In 1515 a skirmish or battle was fought between the Sheriff of Hull and the Prior of Haltemprice Priory over the authority over Willerby (Willarby) and Wolfreton (Woolfreton) – the Prior claimed that though the priory was within Hullshire it was not part of it, and was within the Lordship of Cottingham, and had taken the issue to the Star Chamber; the case was referred to the Abbott of Meaux; Bryan Palmes; and Sir William Constable who had decided in the Prior's favour. Despite this decision on 6 October the Sheriff of Hull together with 200 people of the town began to approach Wolfreton; the Prior, who had been informed of the Sheriff's intentions roused his tenants, and armed the monks of the Priory, who then blocked the roads, and hurled abuse on the Sheriff and his people. The Sheriff's party returned the insults in turn using foul language. Subsequently, the altercation came to blows and a quarrel with arrows ensued. The battle continued until the monks, many being old or fat, gave way, and fled to their priory, followed by the Sheriff's group. The situation was prevented from becoming more inflamed by the arrival of the Lord Mayor of Hull, who having learned of what was happening hastened to the scene with 60 horsemen. Subsequently, the Prior sought redress in the Star Chamber, with the Sheriff accused of riot and other crimes – the legal proceedings continued for three years at much expense, leading to the settlement that the Prior was given Willerby and Newton within his authority, whilst Hull obtained free right to the freshwater springs of Anlaby.
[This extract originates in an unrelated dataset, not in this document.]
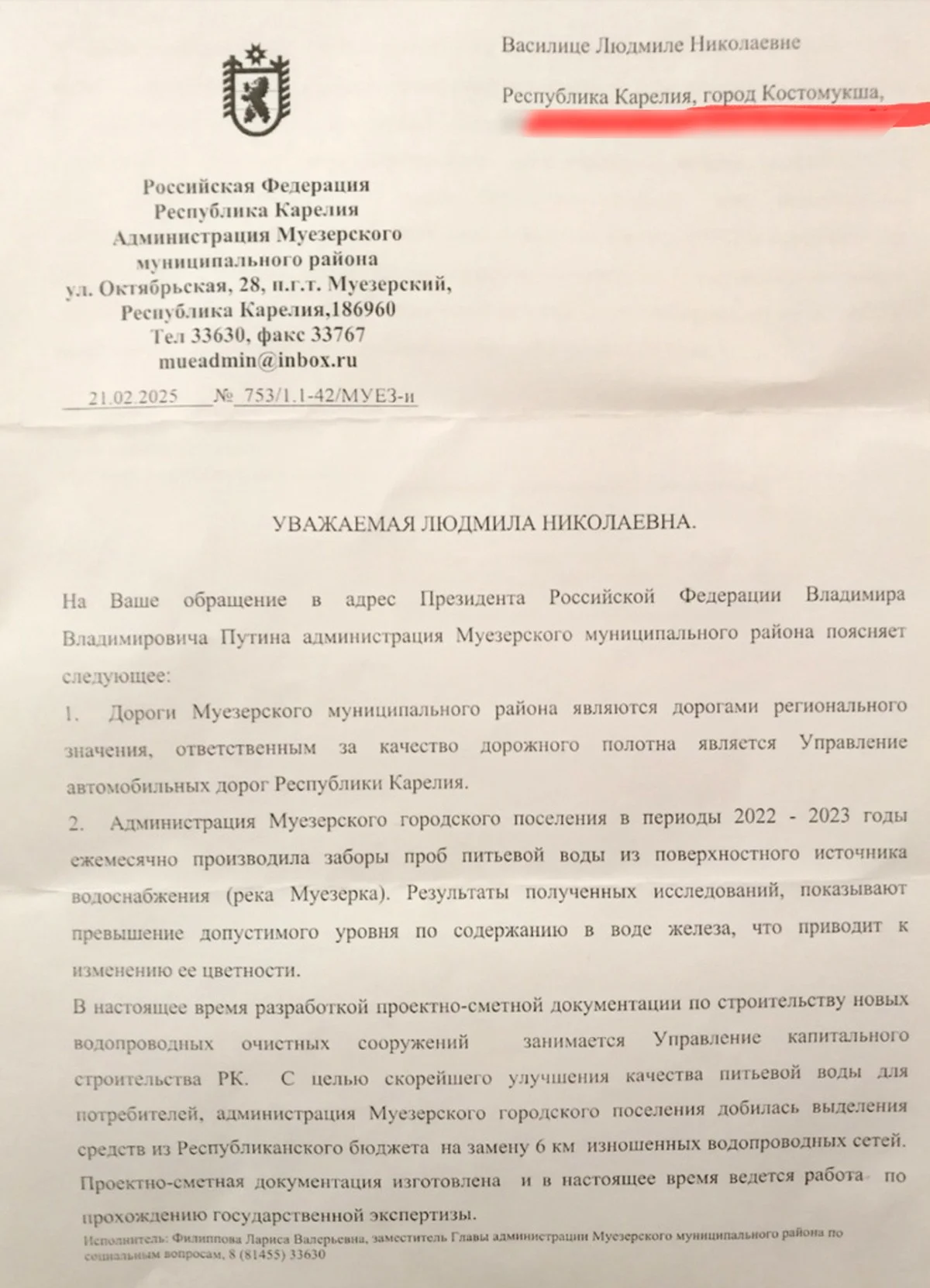 «Жители Муезерского района давно не верят ни местной администрации, ни правительству Карелии. Жители понимают, что, не имея транспортного сообщения, после ликвидации местного самоуправления они совсем будут никому не нужны со своими проблемами, которые не решаются много лет. Понимают, что обещания главы региона пустые, за последние годы в районе так и не отремонтировали дороги, транспортное сообщение не улучшилось, медицина малодоступная. Для чего было обещать дополнительный импульс развития района? На встрече с местными жителями глава Карелии Парфенчиков признался, что территория у района очень большая, а плотность населения маленькая, дороги строились для лесопроизводства, строились эти поселки типа как в фильме «Девчата» (приведенный им пример). И сейчас на ремонт этих дорог надо потратить много миллиардов рублей».

Sculcoates, Drypool, the southern part of Sutton (Sutton-on-Hull), Garrison Side as well as the liberties of Myton and Trippett were added to the parliamentary borough in 1832, and in 1836 the new municipal borough was made to be of the same extent. (see also Municipal Corporations Act 1835). The parishes of Hessle, Kirk Ella and North Ferriby (including their associated hamlets and townships) were removed from the county corporate in 1838, such that thereafter the county corporate covered the same area as the borough. The name Hullshire had primarily been used for the parts of the county corporate that lay outside the borough of Kingston upon Hull, and so the term Hullshire fell out of use after 1838.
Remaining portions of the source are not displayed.